As for the best way, I would like to also ask for your opinions. My current experience with plugins is usually a special meta file in the jar specifying a main class (that would implement JupyterPlugin) and other potential options. Like in gradle, this would be named with the plugin coordinates, or could be named something special like jupyter-plugin.json or .properties. Loading could then be a special magic that adds a jar to the classpath and calls the plugin's lifecycle method(s) with the kernel instance. Open to suggestions here, but in your case something like %loadExtension com.nhl.dflib:dflib-jupyter-ijava:0.6-SNAPSHOT would handle everything.

andrus commented 5 years ago

Thanks for the quick reply and for confirming my solution.

Regarding the plugin design. Yeah, %loadExtension com.nhl.dflib:dflib-jupyter-ijava:0.6-SNAPSHOT, with a lifecycle method called on startup would be ideal. As for how to locate the "root" of the plugin, I would recommend vanilla Java ServiceLoader:

  1. Say you have io.github.spencerpark.ijava.JupyterPlugin class in IJava. Then plugin authors would package a service descriptor file in their jars as META-INF/services/io.github.spencerpark.ijava.JupyterPlugin. Contents of this file will be the class name of the plugin.

  2. When iJava finishes extension classpath setup, it can load all plugins and call their lifecycle method:

for(JupyterPlugin p : ServiceLoader.load(JupyterPlugin.class)) {
    p.initialize(...);
}

This mechanism is reliable, ubiquitous and well-understood. We've been using it successfully in Bootique project for years to enable module-autoloading. FWIW it is even compatible with the new Java module system and module-info.java.

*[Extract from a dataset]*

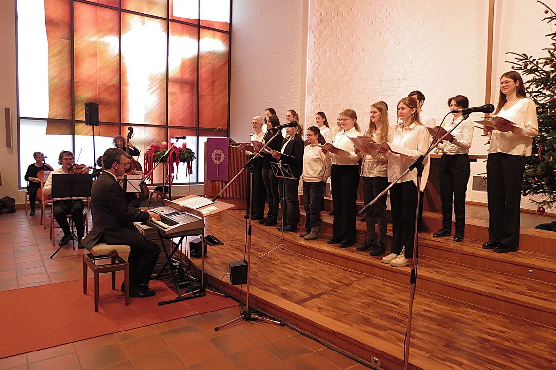 Der Höhepunkt war jedoch unbestritten das traditionelle Adventskonzert, am 4. Adventssonntag innerhalb der Veranstaltungsreihe des Vereins „Grevenbroich handelt“. In den klassischen Teilen unterstützte das Orchester der Jugendkantorei mit einer hervorragenden Begleitung in der Adventskantate „Machet die Tore weit“ von Georg Philipp Telemann und in der Weihnachtskantate „Ihr lieben Hirten, fürchtet euch nicht“ von Andreas Hammerschmidt. Auch die weitere stilistische Vielfalt der modernen Weihnachtslieder aus Deutschland, England und Amerika überzeugte auf ganzer Linie.

SpencerPark commented 5 years ago

Ah yes, ServiceLoader looks like the perfect fit! Thanks for the recommendation, great to know you've had good experiences with it and very happy to see a solution in the standard library.

I would like to have this in the api package of the jupyter base libs since a plugin like the one you are describing can be reused to work with any other kernels that end up being written on top of the base. IJava is just one of them, for example a groovy or scala kernel could also benefit from these renderers your plugin would provide and nothing should need to be rewritten.

Slightly unrelated, but as I'm enjoying the ServiceLoader idea, part of the upstream refactoring could provide much more things as services with this mechanism. Kernels being one. Still trying to target java 8 up there so not sure how deep into modules we'll get but knowing they are "future proof" makes this a much more worth-while investment.

Lets leave this open until things work their way back downstream and also in case I have more questions :) Thanks for your expertise!

andrus commented 5 years ago

I would like to have this in the api package of the jupyter base libs since a plugin like the one you are describing can be reused to work with any other kernels that end up being written on top of the base. IJava is just one of them, for example a groovy or scala kernel could also benefit from these renderers

Good idea.

part of the upstream refactoring could provide much more things as services with this mechanism. Kernels being one.

Keep in mind that ServiceLoader (intentionally) doesn't provide services dependency resolution (i.e. it is not a DI container). It seems perfect though for coarse-grained top-level things like Kernels and custom plugins.